I currently have a styrofoam tub filled with very muddy, and very fine river sand. I've planted a few plants I collected, and they seem to be growing well. Being out in the sun, they pearl daily.

I have identified a few, but some still escape me.

Some of the ones I've identified are water sprite:








And here having grown a new leaf in the tub









Also got me some lindernia rotundifolia, 








And here pearling









Among the ones I don't know:








Guessing hygrophila polysperma?

And this one:

















Bacopa crenata?

I was unsure of whether to post in the local biotope section, but decided to post here as I'm only posting pics of the plants and not their habitats.

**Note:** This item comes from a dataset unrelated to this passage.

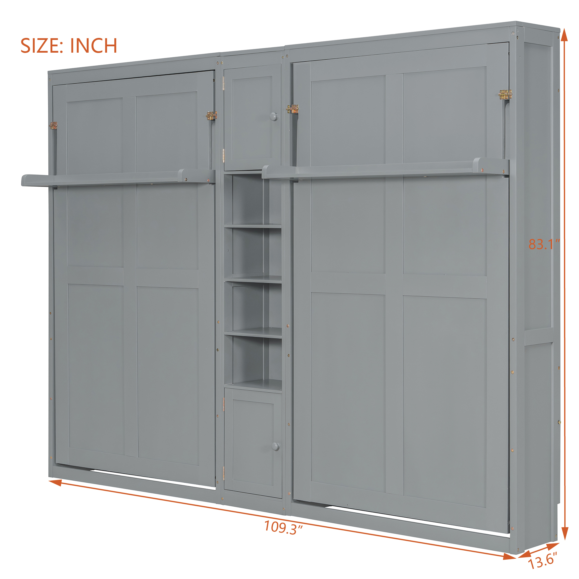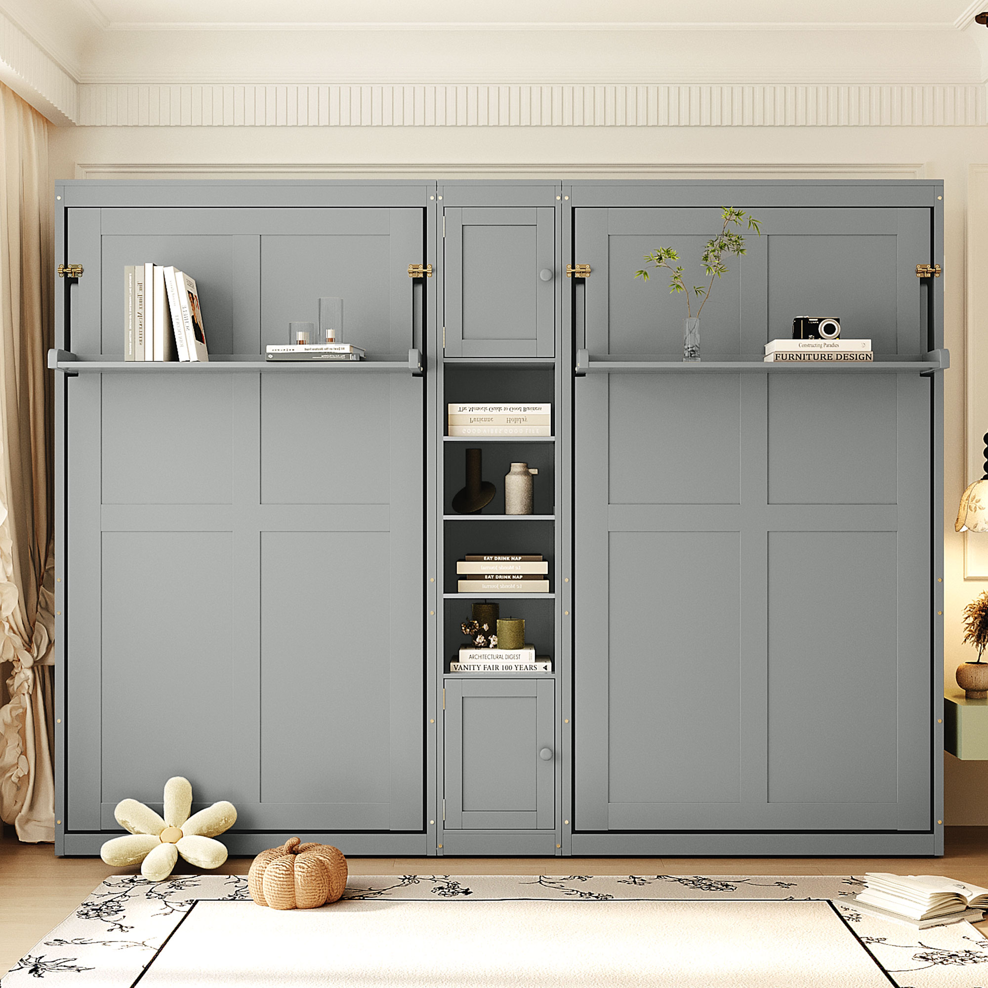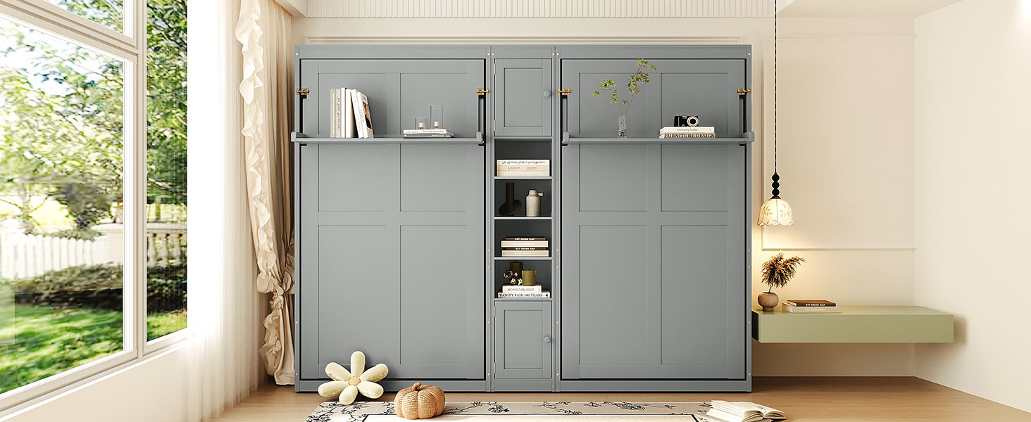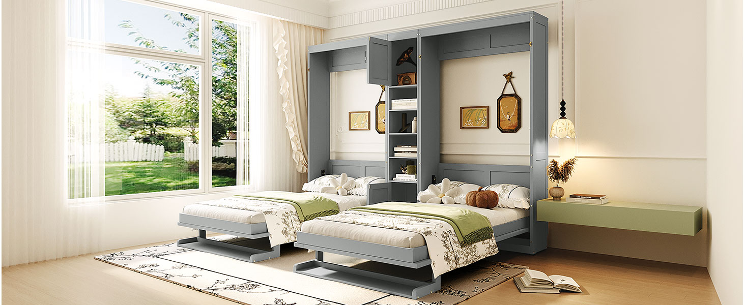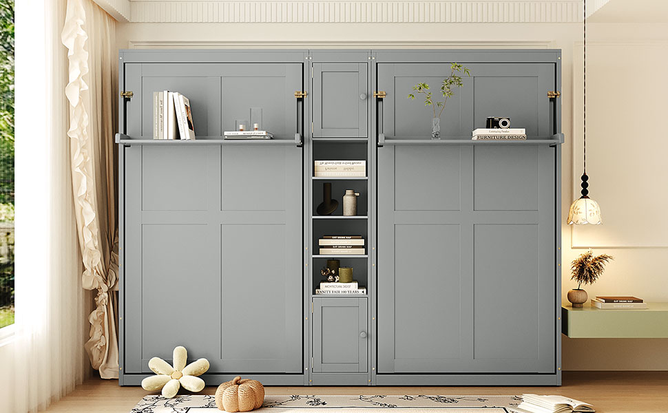 Maximize your space with this Dual Twin Size Murphy Beds Unit — a smart, stylish solution for shared rooms, guest areas, or multifunctional spaces. This innovative design features two twin-size wall murphy beds, each with a shelf that serves as display space when closed and transforms into a sturdy support leg when the bed is in use. Between the two beds are two spacious cabinets and four open storage shelves, offering ample room to organize books, décor, or daily essentials. With clean lines and a compact footprint, this Murphy bed unit combines comfort, storage, and practicality in one space-saving centerpiece.

Thanks for your time, and hope you like the pics


----------



## AteItOffTheFloor (Oct 8, 2014)

Anyone?


----------



## HDBenson (Sep 24, 2014)

I'm suffering from the same.. lack of responses.


----------



## miremonster (Mar 26, 2006)

Hello Ashraf,

#1 & #2: Water sprite, Ceratopteris, is a quite difficult genus, there are different taxonomical concepts, and the distinguishing features are partly difficult to check, e.g. the spore number per sporangium (spore-bearing leaves appear only on mature emersed plants). 
The plant reminds me of C. pteridoides, but it seems to be still juvenile. I would suppose to grow it out.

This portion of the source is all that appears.